• How to complete this task: The lines to output run from the first line of the entries below through the line containing "BigMint’s billet index"; copy them exactly and leave out pictures.

• Data extract:
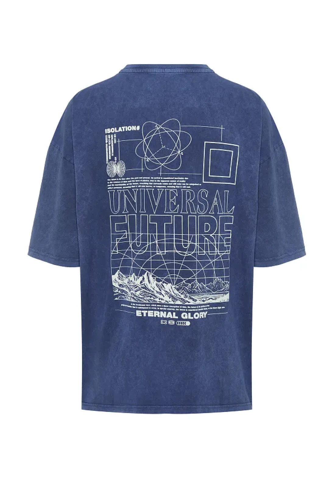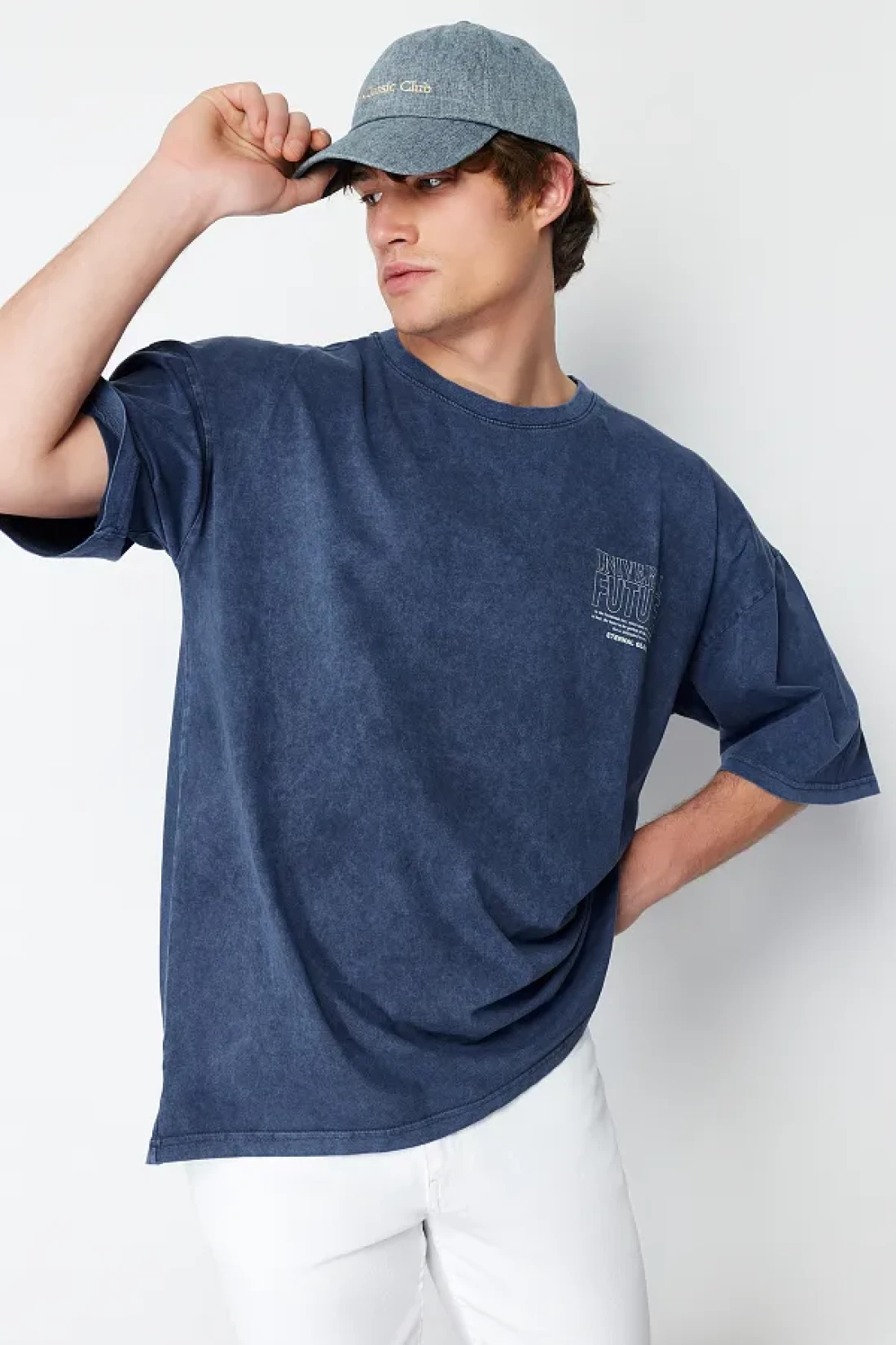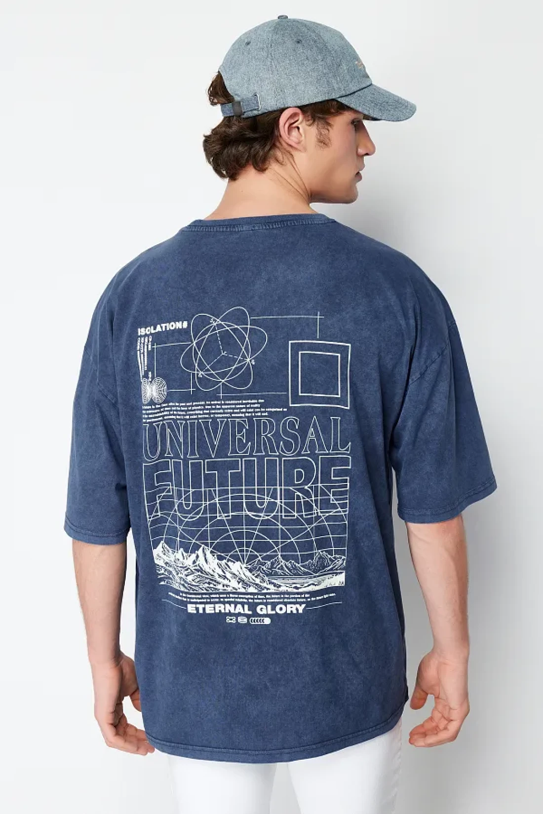 Collection تي شيرت نيلي كبير الحجم/واسع القطع بتأثير شاحب مطبوع عليه حروف 100% قطن TMNSS24TS00043
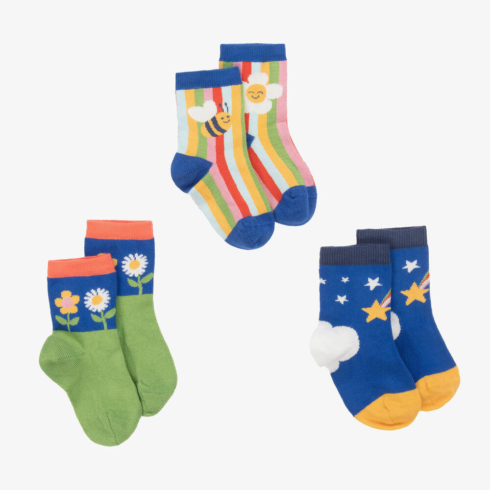 A lovely pack of three pairs of ankle socks for girls by Frugi. In shades of blue and green, these fun and colourful socks have garden-inspired designs, featuring flowers, bees and stars. Soft and comfortable to wear, they are made from a stretchy organic cotton knit.
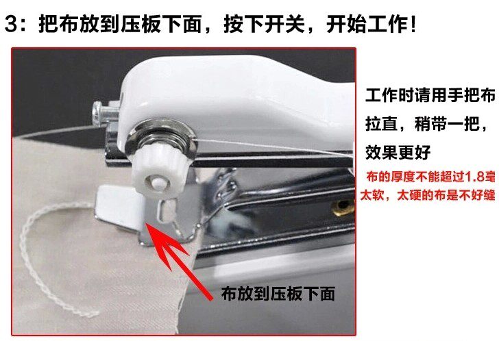 4.放布:用右手食指抬起压板,将准备好待缝的织物平整放入压板下,轻轻放回压板压住织物
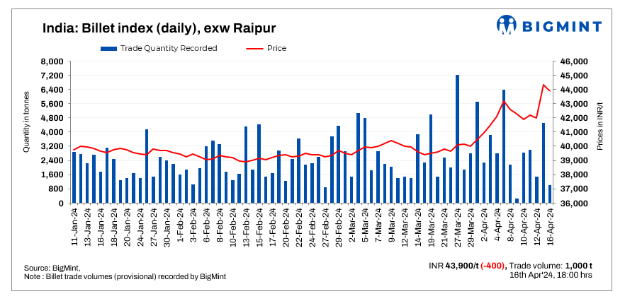 BigMint’s billet index dropped INR 400/t to INR 43,900/t exw Raipur as on 16 April, 2024.
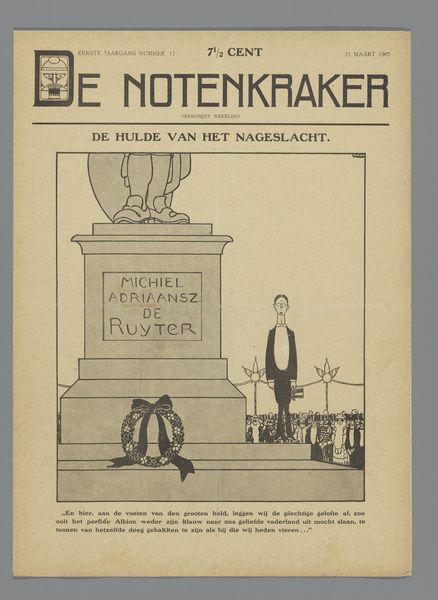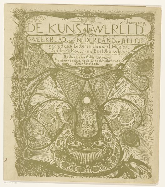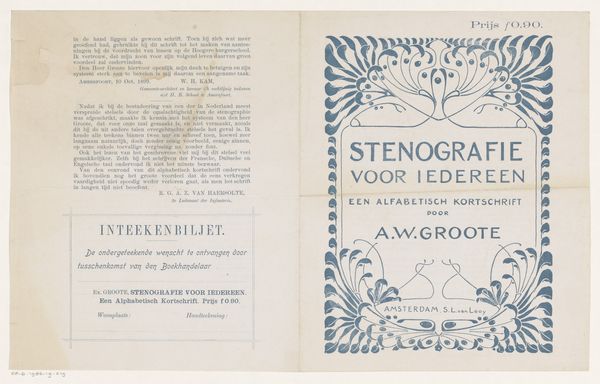 Curator: We're looking at a poster, “Affiche ter aankondiging van het tijdschrift ‘De Kroniek,’” likely from 1895, designed by Theo van Hoytema. It resides here at the Rijksmuseum. Editor: It's striking. Immediately, I'm drawn to the elegant, almost mournful atmosphere created by the monochromatic palette and those brooding storks. Curator: Hoytema was a master of lithography. This print beautifully showcases the Art Nouveau style and its engagement with symbolism, very much of its time. 'De Kroniek' was a journal keen to promote the arts, and this design is clever. Editor: Clever in what way? Curator: The storks evoke a certain Dutch pastoralism, even if tinged with melancholy. Storks themselves often symbolize, new life and domesticity, but their gaunt postures suggest the opposite in this visual context. Is 'De Kroniek' subverting the notion of home in some way? Editor: It’s the journal’s title at the top, rendered in that ornate, almost fairytale-like lettering, coupled with a progressive listing of contributors, signalling its place as a prominent cultural outlet. But beyond a visual hook, who was this artist and why are birds so central to his practice? Curator: Hoytema's work often featured birds, reflecting his deep interest in ornithology, he really put the nature he encountered around him front and centre. But as we peel away those nature layers we also confront something deeply rooted in social class: the journal's aim was progressive in design and sought a wide audience via subscriptions advertised at the bottom. The artist designed pieces which at face value were "pretty," or easy on the eye for audiences in an emerging consumer culture but the contents it held discussed socialist issues. Editor: So there's a play here: nature and ornithology for aesthetics while progressive thinking sits underneath. That blend speaks to broader trends as cultural output found ways to promote liberal, socialist, even anarchist philosophies and political thought. Curator: Absolutely, there's a real tension between decoration and societal critique here, something that often gets missed. I’m glad we drew that out. Editor: It gives me a fresh way of considering art’s dual role, that art can serve aesthetic and political functions, reflecting the tensions within society itself.
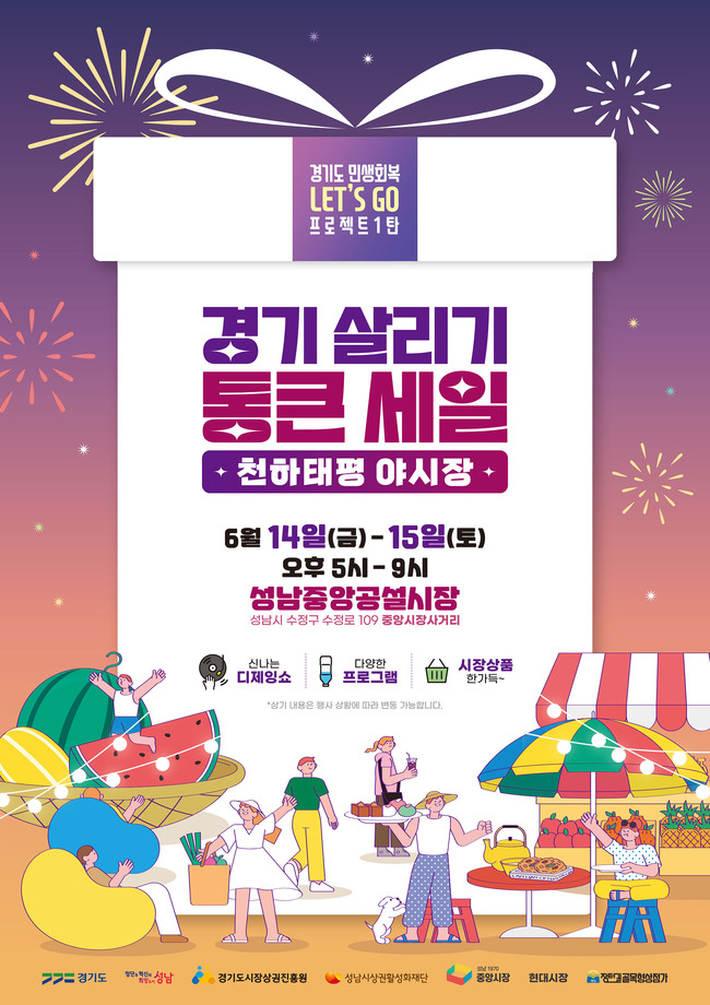 성남시가 오는 6 월 14 일과 15 일 양일간 오후 5 시부터 9 시까지 성남 중앙공설시장과 현대시장 일대에서 ‘ 천하태평 야시장 ’ 을 개최한다 .

• Task result:
 Collection تي شيرت نيلي كبير الحجم/واسع القطع بتأثير شاحب مطبوع عليه حروف 100% قطن TMNSS24TS00043
 A lovely pack of three pairs of ankle socks for girls by Frugi. In shades of blue and green, these fun and colourful socks have garden-inspired designs, featuring flowers, bees and stars. Soft and comfortable to wear, they are made from a stretchy organic cotton knit.
 4.放布:用右手食指抬起压板,将准备好待缝的织物平整放入压板下,轻轻放回压板压住织物
 BigMint’s billet index dropped INR 400/t to INR 43,900/t exw Raipur as on 16 April, 2024.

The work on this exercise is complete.